Mientras estemos en este mundo siempre existirá la cizaña. Sin embargo, en medio de la maldad Dios te sembró como trigo para que tus frutos sean de bien y no de mal.

“El campo es el mundo; la buena semilla son los hijos del reino, y la cizaña son los hijos del malo. El enemigo que la sembró es el diablo…”  Mateo‬ ‭13:38-39‬.

Nadie puede cambiar el género de una semilla. Tus frutos evidencian si eres un trigo que alimenta a los demás o una cizaña que hace daño a quienes le rodean.

El trigo y la cizaña son muy idénticos pero en su esencia bastante diferentes ya que, la cizaña posee una sustancia venenosa que tiene el potencial de envenenar a cualquier ser viviente; sin embargo el trigo produce un grano que alimenta y da vida.

De lo que abunda en tu corazón y demuestras con tus acciones determina si eres el trigo plantado por el Señor para dar frutos de bendición o si eres una cizaña plantada por el maligno que envenena y produce muerte.

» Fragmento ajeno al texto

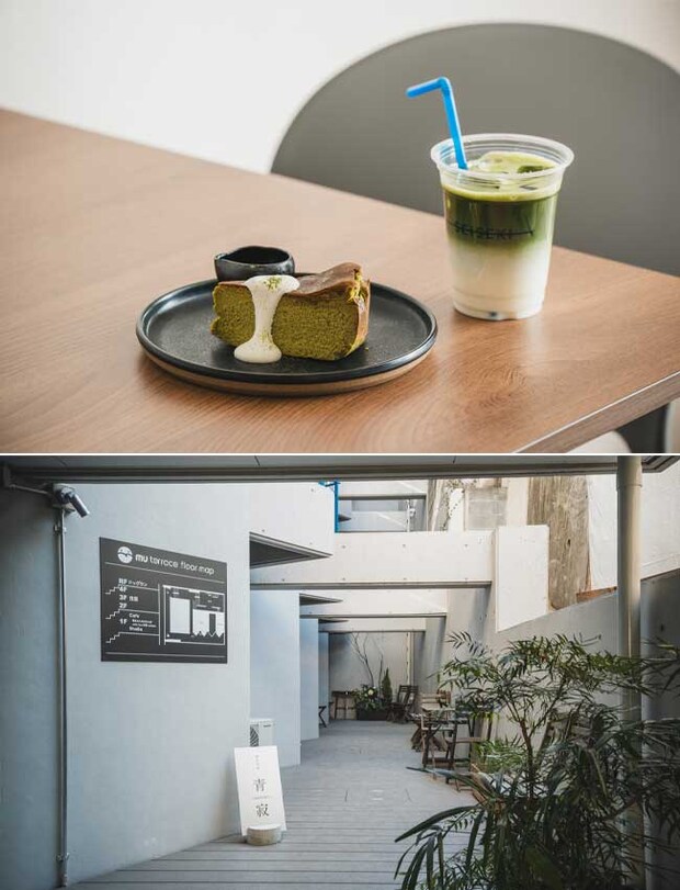 上/八女の抹茶を使った抹茶ラテ650円、同じ素材を用いた抹茶バスクチーズケーキ1,000円。抹茶ソースをかけて味変を 下/マンションの1室にある隠れ家的立地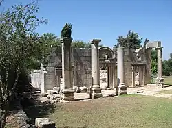 - ^ a b Lieut. H.H. Kitchener [1850-1916], "Lieutenant Kitchener's Reports: IV - P.E.F. Camp, Taiyebeh, 30th May, 1877," Palestine Exploration Fund Quarterly Statement 9.4 (Oct. 1877): 166: "The entrance was probably in the centre of the eastern side, where two columns are squared on the outside--it was probably double, with a round column between. The end columns at both ends of the colonnade were squared on the outside, forming a double column on the inside, exactly the same as in Jewish synagogues, such as at Kefr Ber'am, where the southern columns of the portico were two double columns corresponding with those at the north end of the building. Another point of resemblance is the direction of the colonnade, being within twelve degrees of north and south."

Ciertamente todos nacemos bajo la influencia del mal; sin embargo esa es la razón por la cual Jesús se encontró contigo; para cambiar en ti la naturaleza caída, venenosa, pecaminosa y llena de maldad por una nueva naturaleza sana, pura, que da vida y produce frutos de bendición.

No puedes evitar que el mal alrededor de ti exista y se manifieste a través de las personas cizaña; pero si puedes impedir que ese mal venenoso se introduzca dentro de tu corazón; mientras te mantienes siendo el trigo que Dios plantó producirás el bien y no el mal.

«Dios, gracias porque soy un trigo sembrado en medio de cizañas para dar frutos en abundancia y no una cizaña que envenena la mente y corazón de los demás. Amén»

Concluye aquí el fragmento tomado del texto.